YOUR GOAL: Please transcribe the data that follows without the pictures, keeping every word the same.

INPUT DATA:

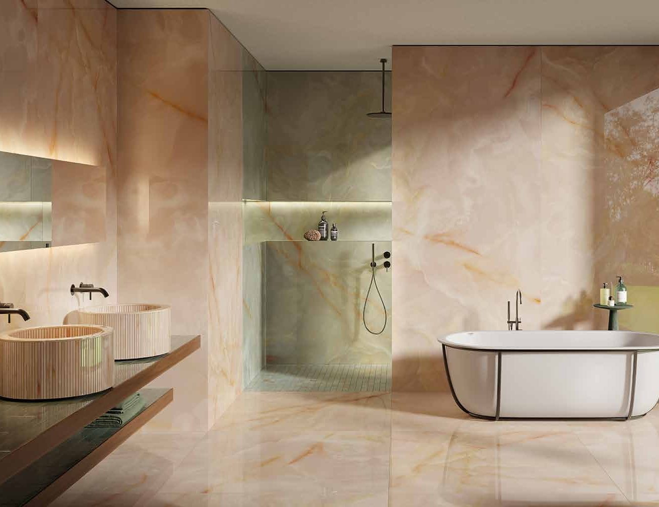 Gresie Portelanata Gemme . FAP Ceramiche prezintă noile plăci GEMME cu efect de onix. O omagiere a luminii care devine un dispozitiv arhitectural pentru reflectarea și multiplicarea frumuseții: aceasta este esența GEMME, noua serie de plăci din gresie porțelanată cu efect de onix de la FAP Ceramiche, care eliberează o frumusețe atemporală. O emblemă a frumuseții lichide, cu pereți și podele care reflectă lumină armonios, GEMME este o colecție potrivită atât pentru spații rezidențiale, cât și pentru cele comerciale, pentru a crea propriul tău stil inconfundabil.
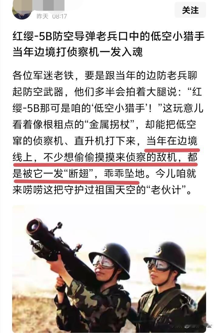 红缨-5B单兵防空导弹边境取得战绩?武器装备发展史不是故事会! 偶然看到某文关于红缨-5B单兵防空导弹在边境击落前来侦查的敌机,全文侃侃而谈。可据我所知,整个红缨-5系列在国内并无实战战绩,有的都是出口国外的战绩。更何况那时对方又没有无人侦察机,没有在双方都没有出动空军的情况下,真要干下来一架敌机都是要载入战斗史册的,可偏偏查不到! 红缨-5号单兵防空导弹是仿制苏联萨姆-7单兵防空导弹,是我国第一代单兵防空导弹,抗干扰性能差、制导性能不及原版、射高与速度相对都很一般,部队装备没多久就开始研制第二代,也就是前卫-1。当在今天也就打打中型无人机或巡飞弹,但凡有被动防御手段的战机和直升机被它锁定时释放红外干扰弹基本都能欺骗它,可以说是一言难尽! 如果没有现实依据的杜撰那就于乐观小说,也不知道他的是不是平行宇宙另一个地球上的事!说到这我想当年部队热映《士兵突击》时的一幕,成长那一句关于红缨导弹斜射距离的回答,整个单兵导弹专业的兄弟直骂娘,因为这距离直接可以干到欧洲去了!这就是所谓外行看热闹,内行看门道吧。
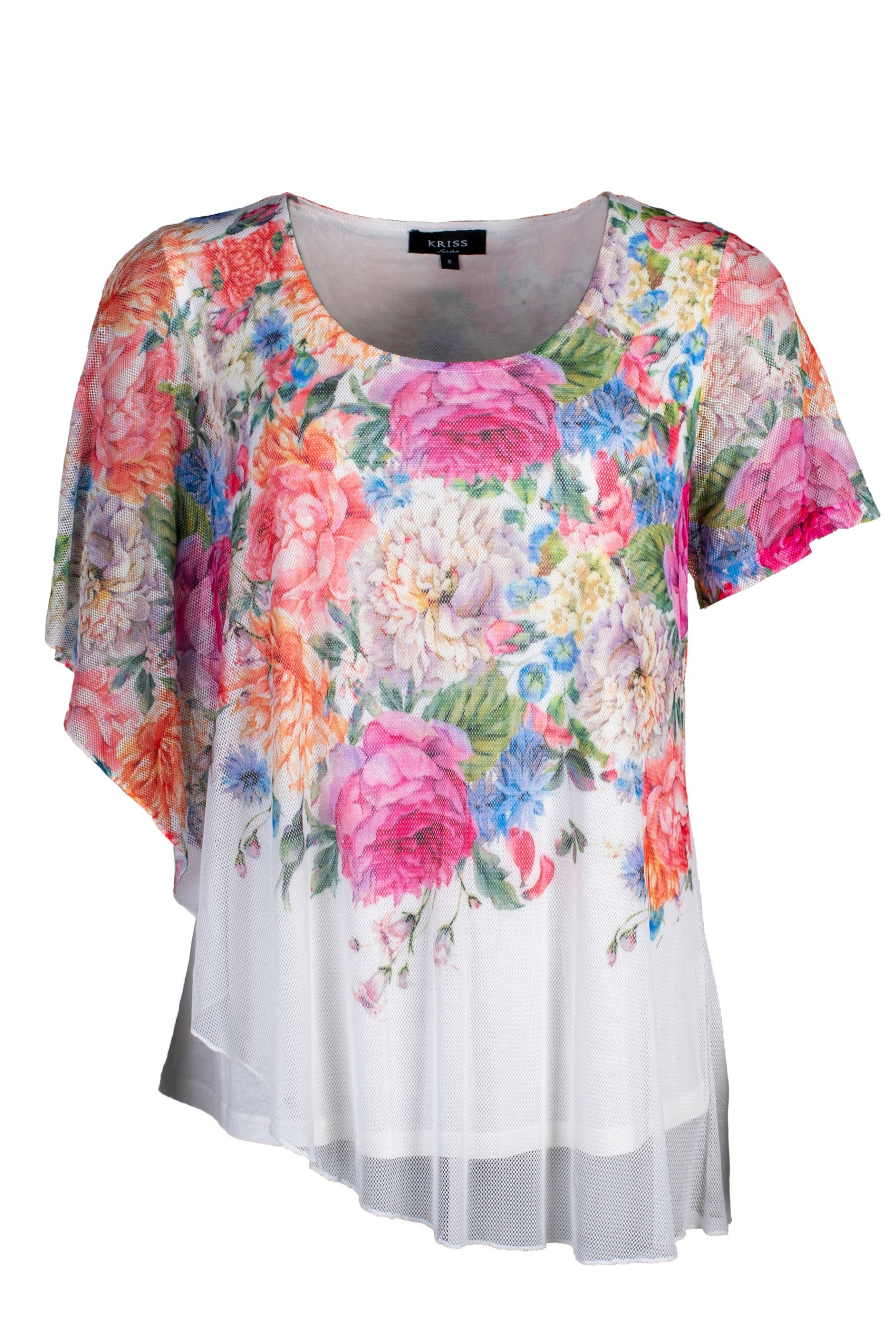 Asymmetrisches Top aus floral bedrucktem Netz

SOLUTION:
 Gresie Portelanata Gemme . FAP Ceramiche prezintă noile plăci GEMME cu efect de onix. O omagiere a luminii care devine un dispozitiv arhitectural pentru reflectarea și multiplicarea frumuseții: aceasta este esența GEMME, noua serie de plăci din gresie porțelanată cu efect de onix de la FAP Ceramiche, care eliberează o frumusețe atemporală. O emblemă a frumuseții lichide, cu pereți și podele care reflectă lumină armonios, GEMME este o colecție potrivită atât pentru spații rezidențiale, cât și pentru cele comerciale, pentru a crea propriul tău stil inconfundabil.
 红缨-5B单兵防空导弹边境取得战绩?武器装备发展史不是故事会! 偶然看到某文关于红缨-5B单兵防空导弹在边境击落前来侦查的敌机,全文侃侃而谈。可据我所知,整个红缨-5系列在国内并无实战战绩,有的都是出口国外的战绩。更何况那时对方又没有无人侦察机,没有在双方都没有出动空军的情况下,真要干下来一架敌机都是要载入战斗史册的,可偏偏查不到! 红缨-5号单兵防空导弹是仿制苏联萨姆-7单兵防空导弹,是我国第一代单兵防空导弹,抗干扰性能差、制导性能不及原版、射高与速度相对都很一般,部队装备没多久就开始研制第二代,也就是前卫-1。当在今天也就打打中型无人机或巡飞弹,但凡有被动防御手段的战机和直升机被它锁定时释放红外干扰弹基本都能欺骗它,可以说是一言难尽! 如果没有现实依据的杜撰那就于乐观小说,也不知道他的是不是平行宇宙另一个地球上的事!说到这我想当年部队热映《士兵突击》时的一幕,成长那一句关于红缨导弹斜射距离的回答,整个单兵导弹专业的兄弟直骂娘,因为这距离直接可以干到欧洲去了!这就是所谓外行看热闹,内行看门道吧。
 Asymmetrisches Top aus floral bedrucktem Netz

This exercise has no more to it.